**EXERCISE PROMPT**
From the data below, copy exactly the lines that lie between the one holding "Spiele, Mal- und" and the one holding "Leset's Rio Skort", including both, and nothing more.

**SUPPLIED MATERIAL**
Content starts

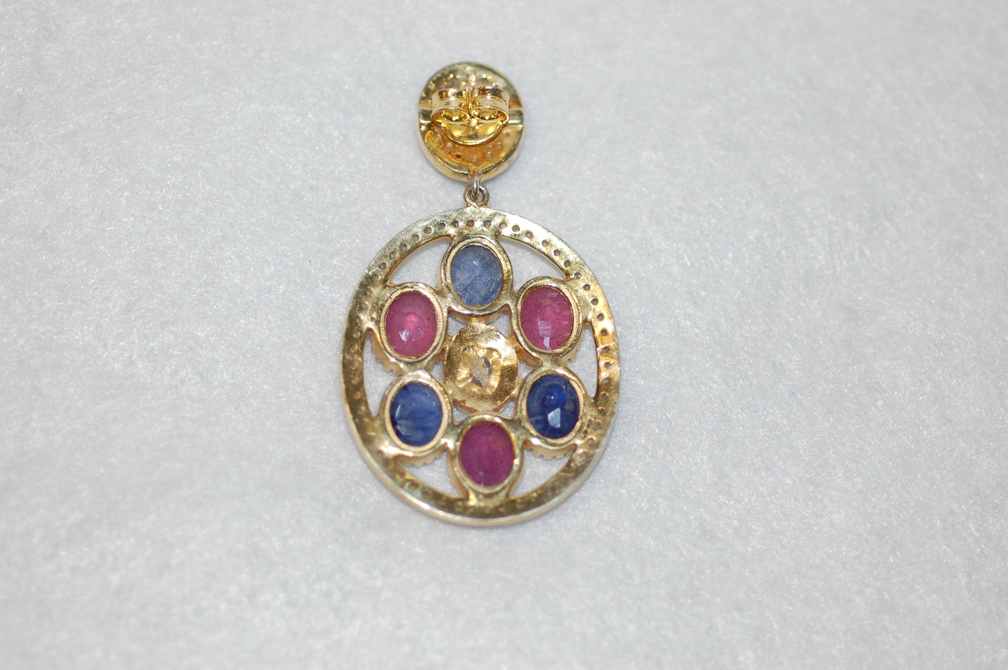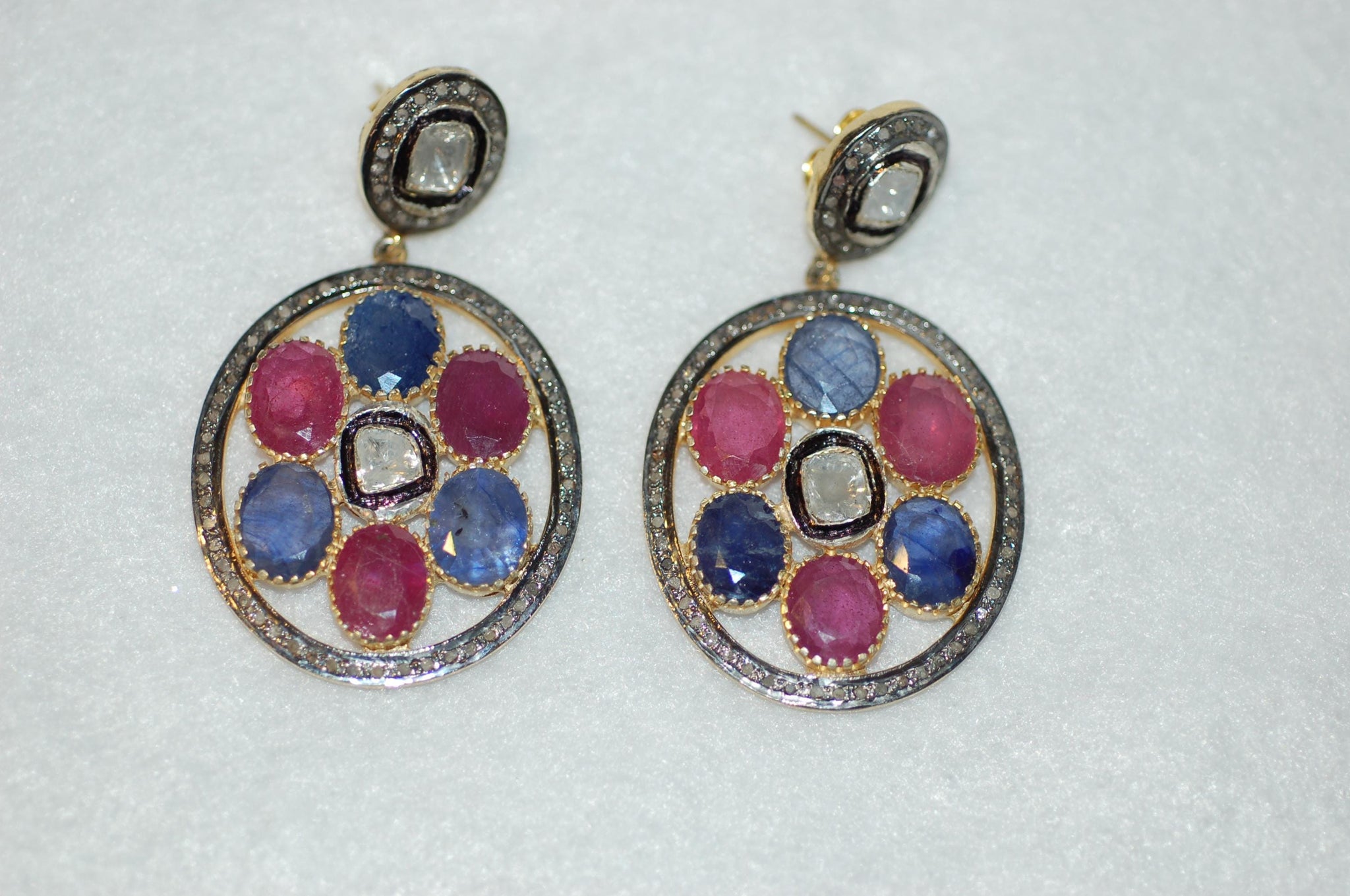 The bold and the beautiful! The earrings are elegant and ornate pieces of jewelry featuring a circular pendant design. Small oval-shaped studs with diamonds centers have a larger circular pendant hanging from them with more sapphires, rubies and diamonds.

Content ends
Content starts

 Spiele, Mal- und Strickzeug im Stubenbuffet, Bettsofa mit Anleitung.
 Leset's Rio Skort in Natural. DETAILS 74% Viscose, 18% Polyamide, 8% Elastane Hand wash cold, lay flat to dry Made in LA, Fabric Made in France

Content ends

**SOLVED EXERCISE**
 Spiele, Mal- und Strickzeug im Stubenbuffet, Bettsofa mit Anleitung.
 Leset's Rio Skort in Natural. DETAILS 74% Viscose, 18% Polyamide, 8% Elastane Hand wash cold, lay flat to dry Made in LA, Fabric Made in France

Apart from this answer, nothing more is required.